Remember: all probabilities must satisfy \(0 \le P \le 1\).

\(P(A \cup B) = 0.5 + 0.4 - 0.2 = \mathbf{0.7}\)
Option A (0.9) is wrong — it forgets to subtract the intersection.
Option D (1.1) is impossible since probability ≤ 1.
The intersection 0.2 is subtracted because it was counted in both P(A) and P(B).

Mutually exclusive ⟹ \(P(A \cap B) = 0\).
So \(P(A \cup B) = 0.3 + 0.45 - 0 = \mathbf{0.75}\). ✓
Option C: \(0.3 \times 0.45 = 0.135\) — this would be \(P(A) \times P(B)\), used for independent events, not mutually exclusive!
Key distinction: Mutually exclusive ≠ Independent. Mutually exclusive events with P>0 are actually DEPENDENT!

Sample space: {HH, HT, TH, TT} — 4 equally likely outcomes.
Exactly 2 heads: only {HH} — 1 outcome.
\(P(HH) = \dfrac{1}{4}\)
OR using multiplication: \(\frac{1}{2} \times \frac{1}{2} = \frac{1}{4}\).
Trap: Option B (1/2) counts "at least one head" not "exactly two heads."

\(P(A|B) = \dfrac{P(A \cap B)}{P(B)} = \dfrac{0.3}{0.5} = \mathbf{0.6}\)
Note: \(P(A|B) = P(A) = 0.6\). This means A and B are actually INDEPENDENT! (Knowing B happened doesn't change P(A).)
Option D (0.18) = 0.6 × 0.3 — wrong formula entirely.

There are 3 red balls, 10 total.
\(P(R_1) = \dfrac{3}{10}\)
After 1 red is removed: 2 red remain, 9 total.
\(P(R_2|R_1) = \dfrac{2}{9}\)
\(P(\text{both red}) = \dfrac{3}{10} \times \dfrac{2}{9} = \dfrac{6}{90} = \dfrac{1}{15}\)
Option B uses replacement (wrong — the problem says "not replaced"). That's the most common mistake here!

Two paths to scholarship:
• Pass AND Scholarship: \(0.7 \times 0.8 = 0.56\)
• Fail AND Scholarship: \(0.3 \times 0.1 = 0.03\)
\(P(\text{scholarship}) = 0.56 + 0.03 = \mathbf{0.59}\)
Option A (0.56) only counts the "pass" path — forgot the second branch!

Step 1 — Find \(P(A \cap B)\) using addition rule:
\(P(A \cup B) = P(A) + P(B) - P(A \cap B)\)
\(0.7 = 0.4 + 0.5 - P(A \cap B)\)
\(P(A \cap B) = 0.2\)
Step 2 — Independence check:
\(P(A) \times P(B) = 0.4 \times 0.5 = 0.2 = P(A \cap B)\) ✓
So YES, A and B are independent.
Option C is wrong: \(P(A \cap B) \ne 0\) does NOT mean dependent — it means not mutually exclusive!

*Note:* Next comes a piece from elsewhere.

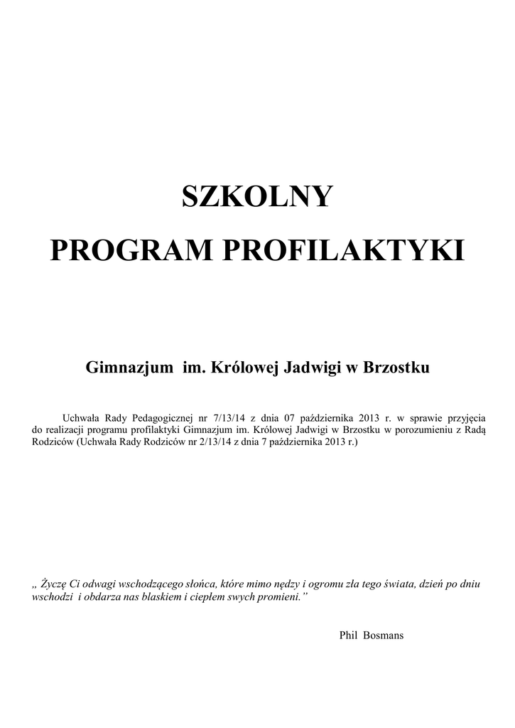 Program Profilaktyki - Gimnazjum im. Królowej Jadwigi w Brzostku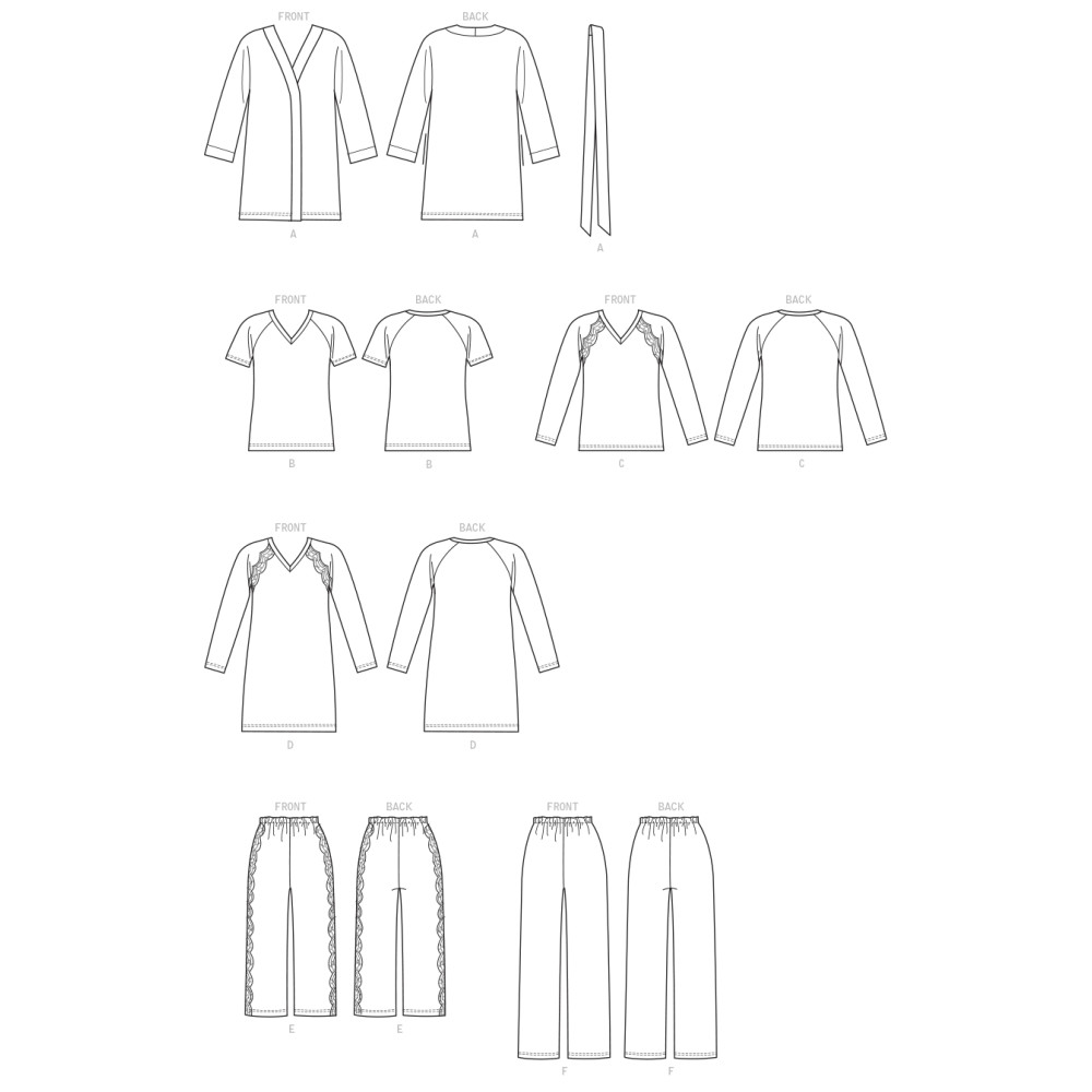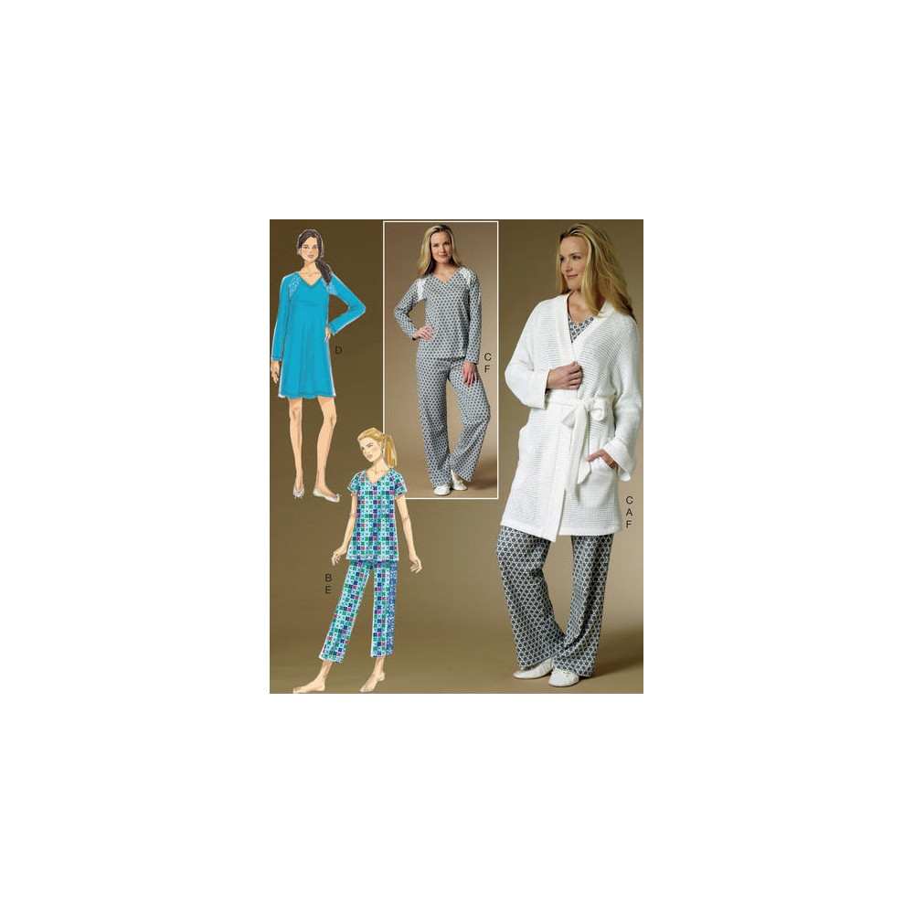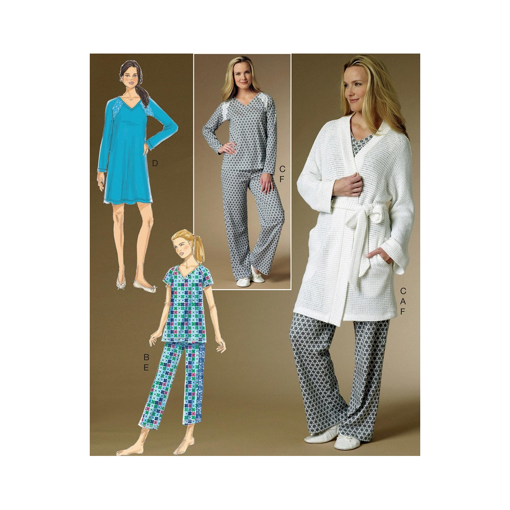 Střih Butterick na pyžamo - noční košile, tričko, kalhoty s gumou v pase, župan

\(5! = 5 \times 4 \times 3 \times 2 \times 1 = \mathbf{120}\)
This is a permutation of all 5 items: \({}^5P_5 = 5!\)
Option D (60) = \(5!/2\) — would be for arranging 5 people where 2 are identical (wrong here, all different students).
Memorize: \(5! = 120\), \(4! = 24\), \(3! = 6\).

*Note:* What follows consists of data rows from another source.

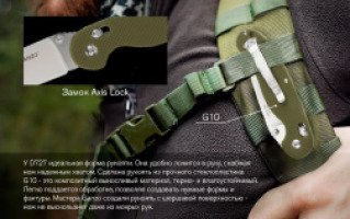 Нож D727 - прочный, не прихотлив в уходе, практичен в использовании. Теперь нож Ganzo стал еще совершеннее за счет использования стали D2 и добавления подшипников в механизм замка типа Axis-lock. Этот замок обеспечивает легкое открытие и закрытие лезвия, его надежную фиксацию. Подшипники добавили плавности ходу клинка и повысили износоустойчивость механизма.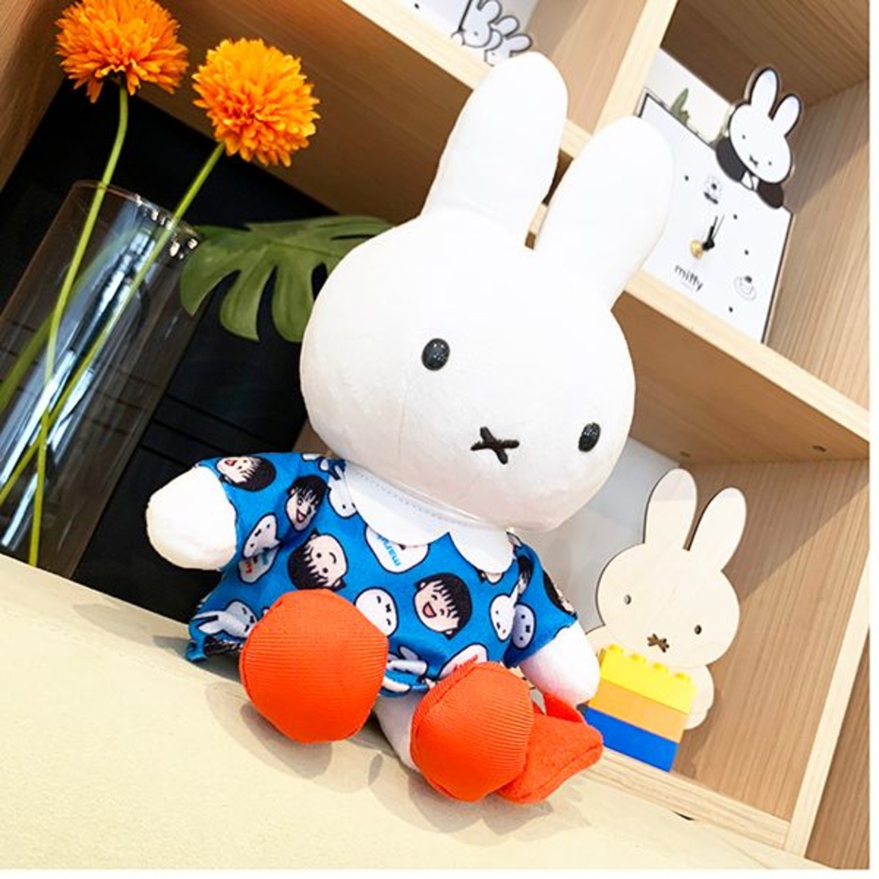 ミッフィーがちびまる子ちゃんとコラボしてぬいぐるみが登場♪お洋服にちびまる子ちゃん柄が描かれていてとっても可愛いです♪ミッフィー好きにもちびまる子ちゃん好きにもピッタリです♪
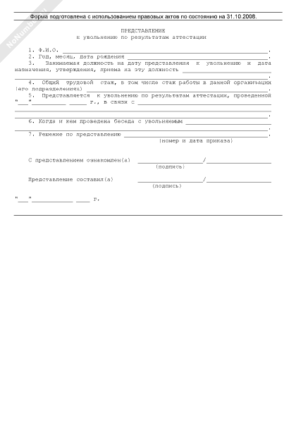Представление к увольнению работника по результатам аттестации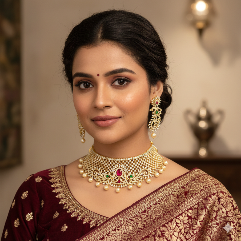 This stunning gold-plated choker features rani pink, emerald, and white stones, accented with dazzling American Diamonds. Perfect for any traditional occasion, it’s sure to add a bold and elegant touch to your look!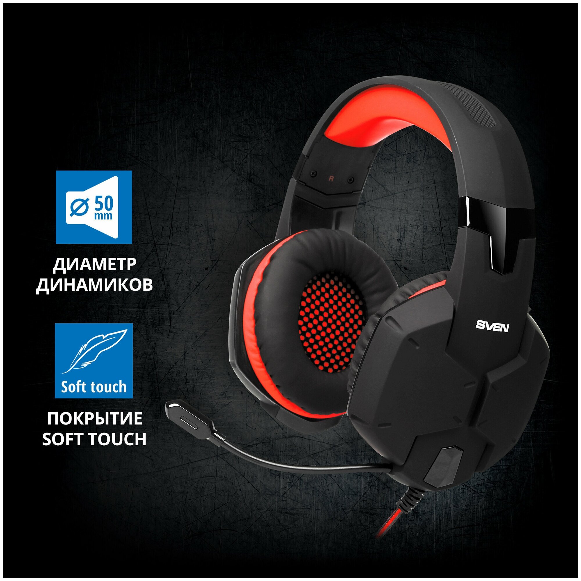 Гарнитура игровая Sven AP-G988MV, для компьютера, накладные, черный / красный [sv-014797]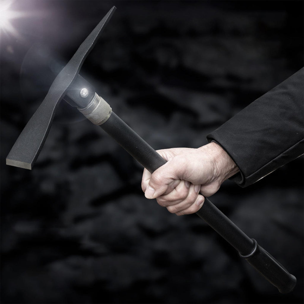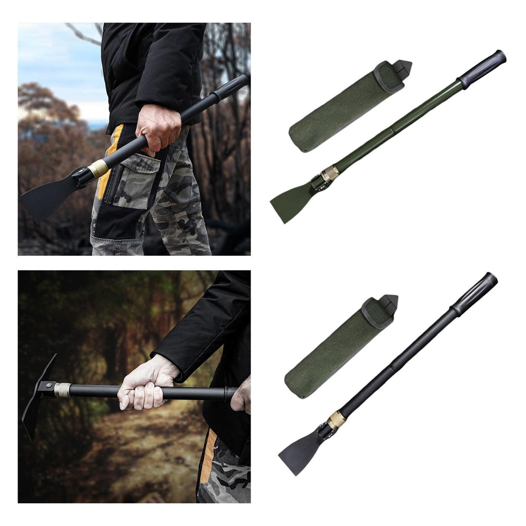 Folding, small size and easy to carry. At the end is a shovel and a pickaxe.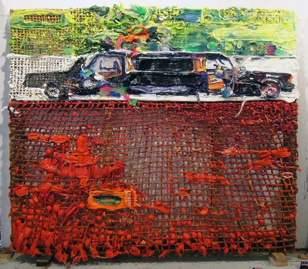 If he wants, Marcaccio can have the weave echo the perspective lines used in the floor patterns of Renaissance paintings, as he does in “Limo” (2011-2012). Or he can interrupt the natural manila-colored weave by introducing colored climbing rope. Waiting to be worked on,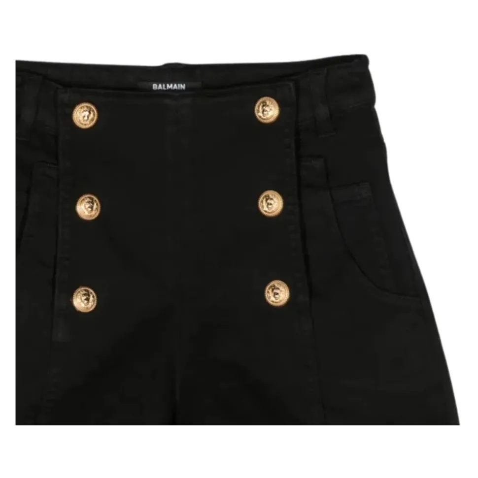 De Balmain shorts met hoge taille combineren een getailleerd silhouet met kenmerkende goudkleurige knopen met reliëf en praktische zakken voor dagelijks gebruik. Belangrijkste kenmerken: Zwart | Nera | Katoen | Drukknoopsluiting aan de zijkant | Twee steekzakken | Twee paspelzakken achter | Goudkleurige knopen met reliëf aan de voorkant | Lengte tot op het bovenbeen | Rechte zoom | Logopatch op de achterkant | Afmetingen en pasvorm: Hoge taille | Lengte tot op het bovenbeen | Samenstelling en onderhoud: 92% katoen | 6% modal | 2% elastaan

\({}^5P_3 = \dfrac{5!}{(5-3)!} = \dfrac{5!}{2!} = \dfrac{120}{2} = \mathbf{60}\)
Or use the slot method: 5 choices × 4 choices × 3 choices = 60. ✓
Option A (10) = \({}^5C_3\) — that's combinations (order doesn't matter). Wrong here because ABC ≠ CBA.
Option C (125) = \(5^3\) — that's WITH repetition allowed.

Step 1: Glue Alice+Bob into one "super-person" → 5 units to arrange.
Step 2: Arrangements of 5 units = \(5! = 120\)
Step 3: Inside the unit, Alice-Bob or Bob-Alice → \(\times 2! = \times 2\)
Total = \(120 \times 2 = \mathbf{240}\)
Option D (720) = \(6!\) = all arrangements with NO restriction. Divide by the constraint gives 240.

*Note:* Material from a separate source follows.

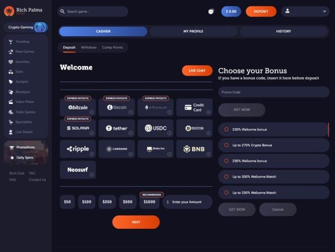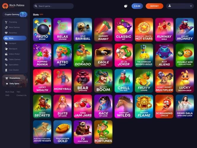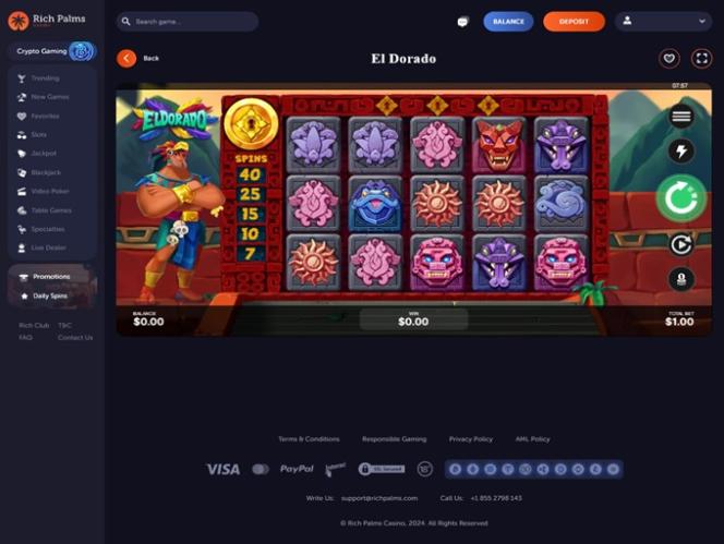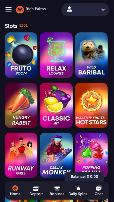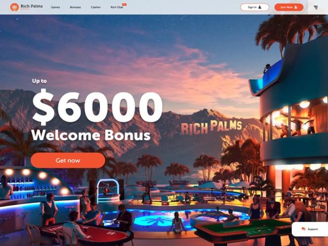 Rich Palms 賭場由 BetSoft, Rival, Saucify, Visionary iGaming, Betgames, Nucleus Gaming, Spadegaming, BGAMING, CQ9 Gaming, Woohoo Games, Qora Games, Genii, Wager Gaming, Dragon Gaming, Dragoon Soft and Urgent Games提供支持,玩家可以透過其網頁平台獲取信息,該平台可透過您常用的互聯網瀏覽器加載。該網站還支援行動端遊戲,因此使用智慧型手機或平板電腦進行博彩也毫無問題。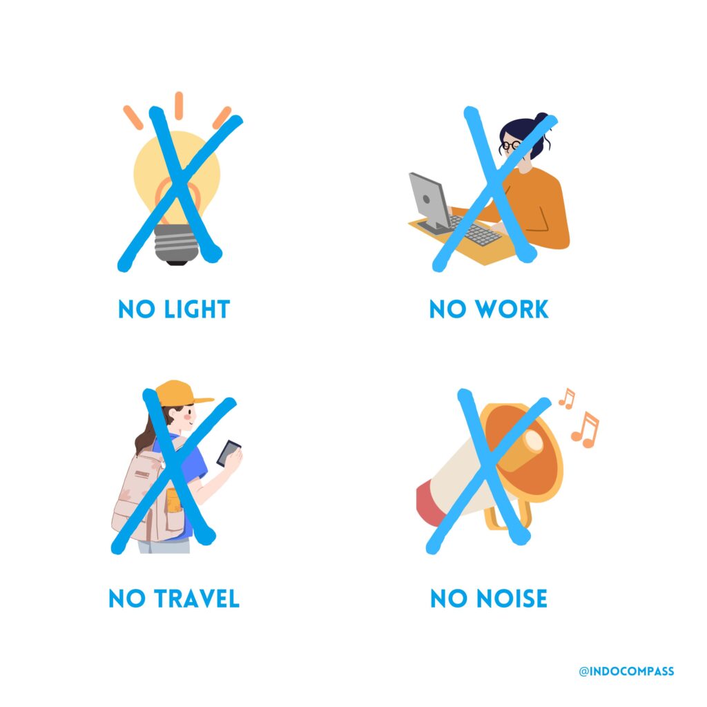 For 24 hours (from 6 AM to 6 AM the next day), the entire island comes to a complete stop. The four main prohibitions, called Catur Brata Penyepian, are :

\(\dbinom{8}{3} = \dfrac{8!}{3! \cdot 5!} = \dfrac{8 \times 7 \times 6}{3 \times 2 \times 1} = \dfrac{336}{6} = \mathbf{56}\)
Option C (336) = \({}^8P_3\) = permutation (treating order as important). But a committee {A,B,C} = {C,A,B}, so divide by \(3! = 6\).
Key: "Committee," "team," "group," "selection" → always Combination!

Total 5-card hands: \(\dbinom{52}{5}\)
Favorable: choose exactly 3 aces from 4 available: \(\dbinom{4}{3} = 4\) ways, AND choose 2 non-aces from remaining 48: \(\dbinom{48}{2} = 1128\) ways.
\(P = \dfrac{4 \times 1128}{\dbinom{52}{5}} = \dfrac{4512}{2598960} \approx 0.00174\)
Option C: only counts aces, forgets you must also choose the other 2 cards!
Option D uses permutation logic (ordered drawing), incorrect for card hands.

Roles (Permutation):
\({}^{10}P_3 = \dfrac{10!}{7!} = 10 \times 9 \times 8 = \mathbf{720}\)

Group of 3 (Combination):
\(\dbinom{10}{3} = \dfrac{10!}{3! \cdot 7!} = \dfrac{720}{6} = \mathbf{120}\)

Note: \({}^{10}P_3 \div 3! = {}^{10}C_3\) → \(720 \div 6 = 120\). ✓
The key insight: every combination corresponds to \(3! = 6\) permutations (6 ways to assign the 3 different roles).